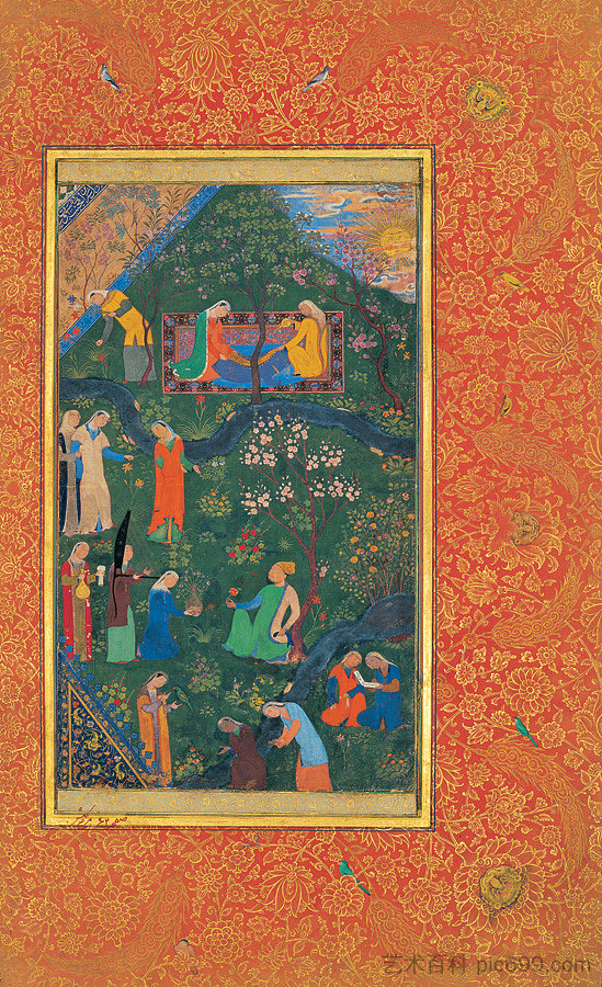 苏丹侯赛因·米尔扎在海滨长廊(右部分) Sultan Hossein Mirza in Promenade (right part),白扎德 白扎德 帖木儿时期、细密画 作品名称:苏丹侯赛因·米尔扎在海滨长廊(右部分) Sultan Hossein Mirza in Promenade (right part) 创作者:白扎德 Kamal ud-Din Behzad 风格:帖木儿时期 类型:细密画 版权信息:Public domain 感谢您对艺术百科网站的运营支持,您的赞助属于自愿行为,用于支付本站服务器资源和运营维护成本。 高清原图下载地址: 下载地址:https://oss.pic699.com/kamal-ud-din-behzad/sultan-hossein-mirza-in-promenade-right-part.jpg 无水印原图下载当前图片下载价格1 元请先登录白扎德 作品合集(共23张)下载价格4.9 元请先登录客服QQ:4216683 0 0
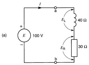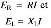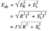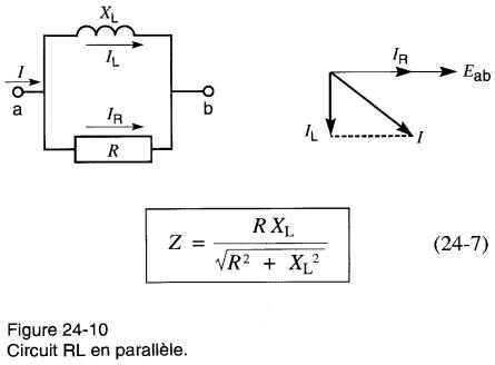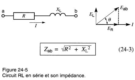 Puisque, dans une inductance, le courant I doit être déphasé de 90° en arrière de la tension, il faut tracer le vecteur EL dans une direction perpendiculaire à celle du vecteur I et de façon à ce que EL soit décalé de 90° en avant de I (Fig. 24-3b). La tension totale E aux bornes du circuit est donnée par la somme vectorielle de ER et EL.
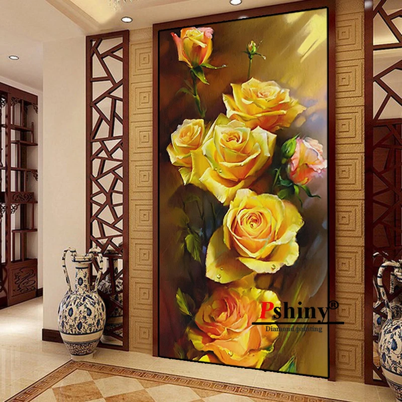 Алмазная вышивка PSHINY 5D DIY, распродажа, желтые розы, цветы, квадратные стразы, картины, алмазная живопись, новое поступление
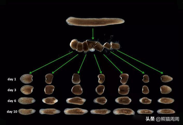 1898年 一个叫摩尔根的生物学家,就开始了对涡虫的再生进行研究,一只涡虫大概279.5mg,他发现把一只涡虫切到只有1.1mg的时候,也就是本体的1/279大小都能再生出来一条完整的涡虫。
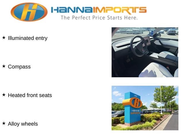 Why shop with Hanna Imports? We specialize in hand-selecting top-quality used cars, trucks, and SUVs for drivers across Raleigh, Durham, Cary, Chapel Hill, and the greater Triangle area of North Carolina. Our massive selection of 1,000+ vehicles on our Raleigh lot is carefully curated to include the most sought-after models, all priced below market value. We believe in transparency and efficiency—our vehicles are aggressively priced from the start, which means no haggling, no hassle, and no wasted time. The price you see is our absolute best price. Whether you're coming from Wake Forest, Apex, Garner, or anywhere in central NC, we’re committed to making your car-buying experience smooth, affordable, and enjoyable. Come see why Hanna Imports is one of the most trusted used car dealerships in North Carolina! Used Tesla Model Y in Raleigh. Used Tesla Model Y in North Carolina, ABS brakes, Alloy wheels, Compass, Electronic Stability Control, Emergency communication system, Exterior Parking Camera Rear, Front dual zone A/C, Heated door mirrors, Heated front seats, Illuminated entry, Lane Departure Warning System, Low tire pressure warning, Navigation System, Power Liftgate, Traction control, 4-Wheel Disc Brakes, 5 Seat Interior, 7 Speakers, Air Conditioning, Audio memory, Auto High-beam Headlights, Auto tilt-away steering wheel, Auto-dimming door mirrors, Auto-dimming Rear-View mirror, Automatic temperature control, Brake assist, Bumpers: body-color, Delay-off headlights, Driver door bin, Driver vanity mirror, Dual front impact airbags, Dual front side impact airbags, Four wheel independent suspension, Front anti-roll bar, Front Bucket Seats, Front Center Armrest, Front reading lights, Fully automatic headlights, Heated steering wheel, HVAC memory, Knee airbag, Memory seat, Occupant sensing airbag, Outside temperature display, Overhead airbag, Passenger door bin, Passenger vanity mirror, Power door mirrors, Power driver seat, Power passenger seat, Power steering, Power windows, Radio data system, Radio: Tesla Audio System, Rain sensing wipers, Rear air conditioning, Rear reading lights, Rear seat center armrest, Rear window defroster, Security system, Speed control, Speed-sensing steering, Split folding rear seat, Steering wheel mounted A/C controls, Steering wheel mounted audio controls, Telescoping steering wheel, Textile Seat Trim, Tilt steering wheel, Trip computer, Variably intermittent wipers, and Wheels: 18 Aperture.
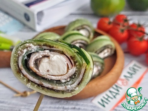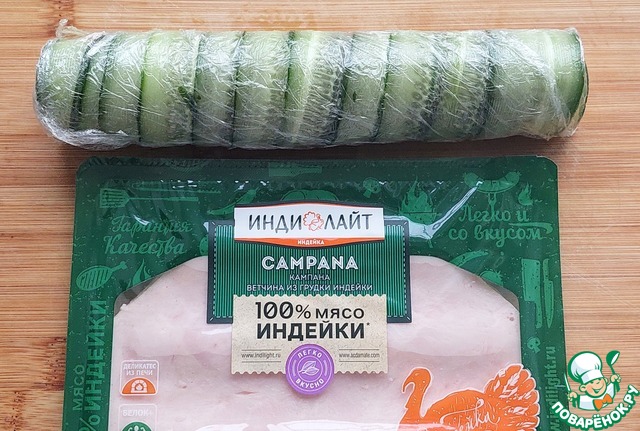 Рецепт «Огуречные рулетики с ветчиной и сыром»:
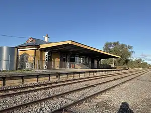 Woomelang station is a closed railway station in Woomelang, Victoria, Australia. It was opened in 1899 and was closed in 1993, when passenger services discontinued on the Mildura line. Although the station is no longer in use as a passenger stop, a station building and two passenger platforms remain. Silos also remain at this station, while the goods shed survived until being demolished in recent years.
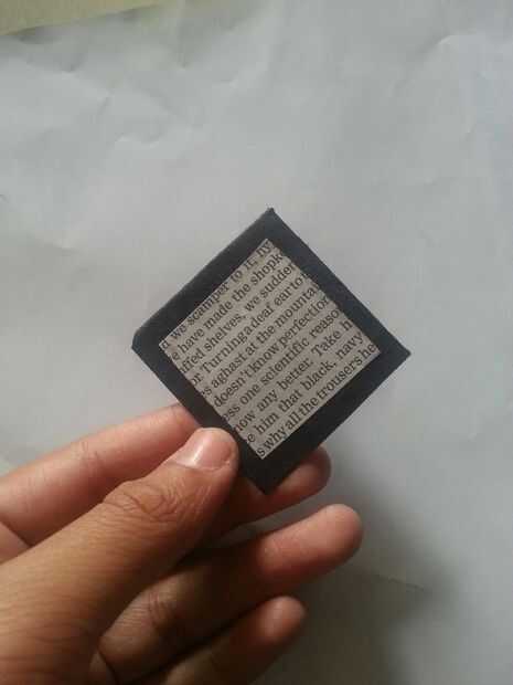 Corte pedazos de periódico ligeramente más pequeño que el papel negro y me pegó en la parte superior del frente del marcador y en la parte posterior. No tienes que pegar periódico en el interior de la parte delantera del marcador porque va ser ocultada por el libro de todos modos.
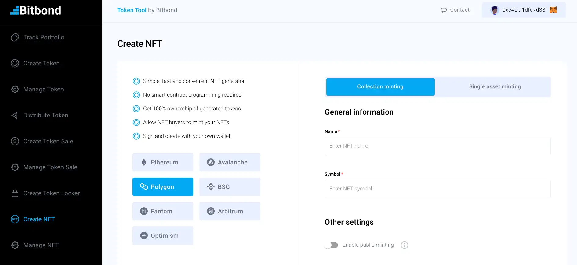 One of the standout features of the Bitbond Token Tool is its multi-chain support, which includes deployment on leading EVM-compatible chains such as Ethereum, Polygon, and Avalanche. This versatility ensures that users can choose the most suitable blockchain for their specific needs.
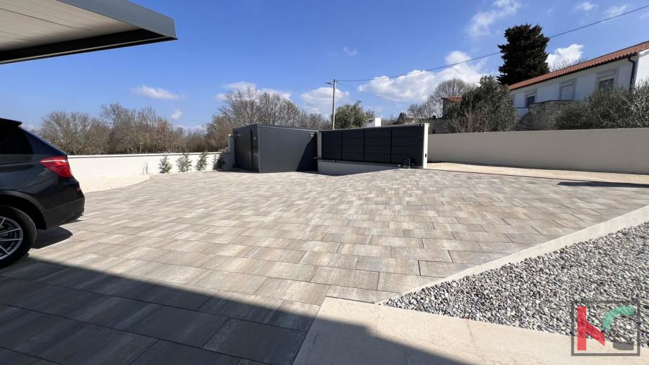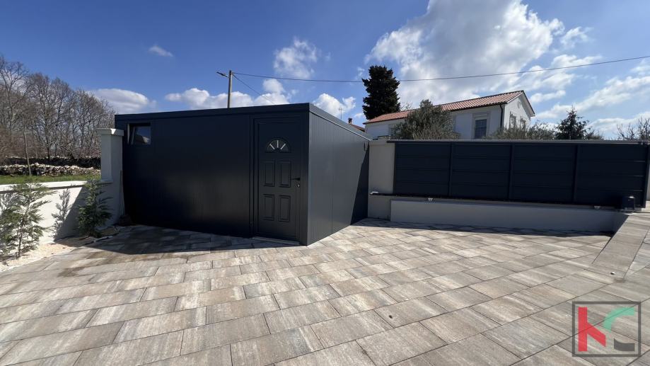 Vila raspolaže s ukupno četiri parking mjesta, od kojih su dva natkrivena. U dvorištu se nalazi vanjska ostava, a cijelo dvorište je potpuno ograđeno s dva ulaza, od kojih je jedan s električnim vratima.

EXERCISE DIRECTIONS
Give the complete material again, exactly as written. Do not include the pictures.

ANSWER BOX
 苏丹侯赛因·米尔扎在海滨长廊(右部分) Sultan Hossein Mirza in Promenade (right part),白扎德 白扎德 帖木儿时期、细密画 作品名称:苏丹侯赛因·米尔扎在海滨长廊(右部分) Sultan Hossein Mirza in Promenade (right part) 创作者:白扎德 Kamal ud-Din Behzad 风格:帖木儿时期 类型:细密画 版权信息:Public domain 感谢您对艺术百科网站的运营支持,您的赞助属于自愿行为,用于支付本站服务器资源和运营维护成本。 高清原图下载地址: 下载地址:https://oss.pic699.com/kamal-ud-din-behzad/sultan-hossein-mirza-in-promenade-right-part.jpg 无水印原图下载当前图片下载价格1 元请先登录白扎德 作品合集(共23张)下载价格4.9 元请先登录客服QQ:4216683 0 0
 Puisque, dans une inductance, le courant I doit être déphasé de 90° en arrière de la tension, il faut tracer le vecteur EL dans une direction perpendiculaire à celle du vecteur I et de façon à ce que EL soit décalé de 90° en avant de I (Fig. 24-3b). La tension totale E aux bornes du circuit est donnée par la somme vectorielle de ER et EL.
 Алмазная вышивка PSHINY 5D DIY, распродажа, желтые розы, цветы, квадратные стразы, картины, алмазная живопись, новое поступление
 1898年 一个叫摩尔根的生物学家,就开始了对涡虫的再生进行研究,一只涡虫大概279.5mg,他发现把一只涡虫切到只有1.1mg的时候,也就是本体的1/279大小都能再生出来一条完整的涡虫。
 Why shop with Hanna Imports? We specialize in hand-selecting top-quality used cars, trucks, and SUVs for drivers across Raleigh, Durham, Cary, Chapel Hill, and the greater Triangle area of North Carolina. Our massive selection of 1,000+ vehicles on our Raleigh lot is carefully curated to include the most sought-after models, all priced below market value. We believe in transparency and efficiency—our vehicles are aggressively priced from the start, which means no haggling, no hassle, and no wasted time. The price you see is our absolute best price. Whether you're coming from Wake Forest, Apex, Garner, or anywhere in central NC, we’re committed to making your car-buying experience smooth, affordable, and enjoyable. Come see why Hanna Imports is one of the most trusted used car dealerships in North Carolina! Used Tesla Model Y in Raleigh. Used Tesla Model Y in North Carolina, ABS brakes, Alloy wheels, Compass, Electronic Stability Control, Emergency communication system, Exterior Parking Camera Rear, Front dual zone A/C, Heated door mirrors, Heated front seats, Illuminated entry, Lane Departure Warning System, Low tire pressure warning, Navigation System, Power Liftgate, Traction control, 4-Wheel Disc Brakes, 5 Seat Interior, 7 Speakers, Air Conditioning, Audio memory, Auto High-beam Headlights, Auto tilt-away steering wheel, Auto-dimming door mirrors, Auto-dimming Rear-View mirror, Automatic temperature control, Brake assist, Bumpers: body-color, Delay-off headlights, Driver door bin, Driver vanity mirror, Dual front impact airbags, Dual front side impact airbags, Four wheel independent suspension, Front anti-roll bar, Front Bucket Seats, Front Center Armrest, Front reading lights, Fully automatic headlights, Heated steering wheel, HVAC memory, Knee airbag, Memory seat, Occupant sensing airbag, Outside temperature display, Overhead airbag, Passenger door bin, Passenger vanity mirror, Power door mirrors, Power driver seat, Power passenger seat, Power steering, Power windows, Radio data system, Radio: Tesla Audio System, Rain sensing wipers, Rear air conditioning, Rear reading lights, Rear seat center armrest, Rear window defroster, Security system, Speed control, Speed-sensing steering, Split folding rear seat, Steering wheel mounted A/C controls, Steering wheel mounted audio controls, Telescoping steering wheel, Textile Seat Trim, Tilt steering wheel, Trip computer, Variably intermittent wipers, and Wheels: 18 Aperture.
 Рецепт «Огуречные рулетики с ветчиной и сыром»:
 Woomelang station is a closed railway station in Woomelang, Victoria, Australia. It was opened in 1899 and was closed in 1993, when passenger services discontinued on the Mildura line. Although the station is no longer in use as a passenger stop, a station building and two passenger platforms remain. Silos also remain at this station, while the goods shed survived until being demolished in recent years.
 Corte pedazos de periódico ligeramente más pequeño que el papel negro y me pegó en la parte superior del frente del marcador y en la parte posterior. No tienes que pegar periódico en el interior de la parte delantera del marcador porque va ser ocultada por el libro de todos modos.
 One of the standout features of the Bitbond Token Tool is its multi-chain support, which includes deployment on leading EVM-compatible chains such as Ethereum, Polygon, and Avalanche. This versatility ensures that users can choose the most suitable blockchain for their specific needs.
 Vila raspolaže s ukupno četiri parking mjesta, od kojih su dva natkrivena. U dvorištu se nalazi vanjska ostava, a cijelo dvorište je potpuno ograđeno s dva ulaza, od kojih je jedan s električnim vratima.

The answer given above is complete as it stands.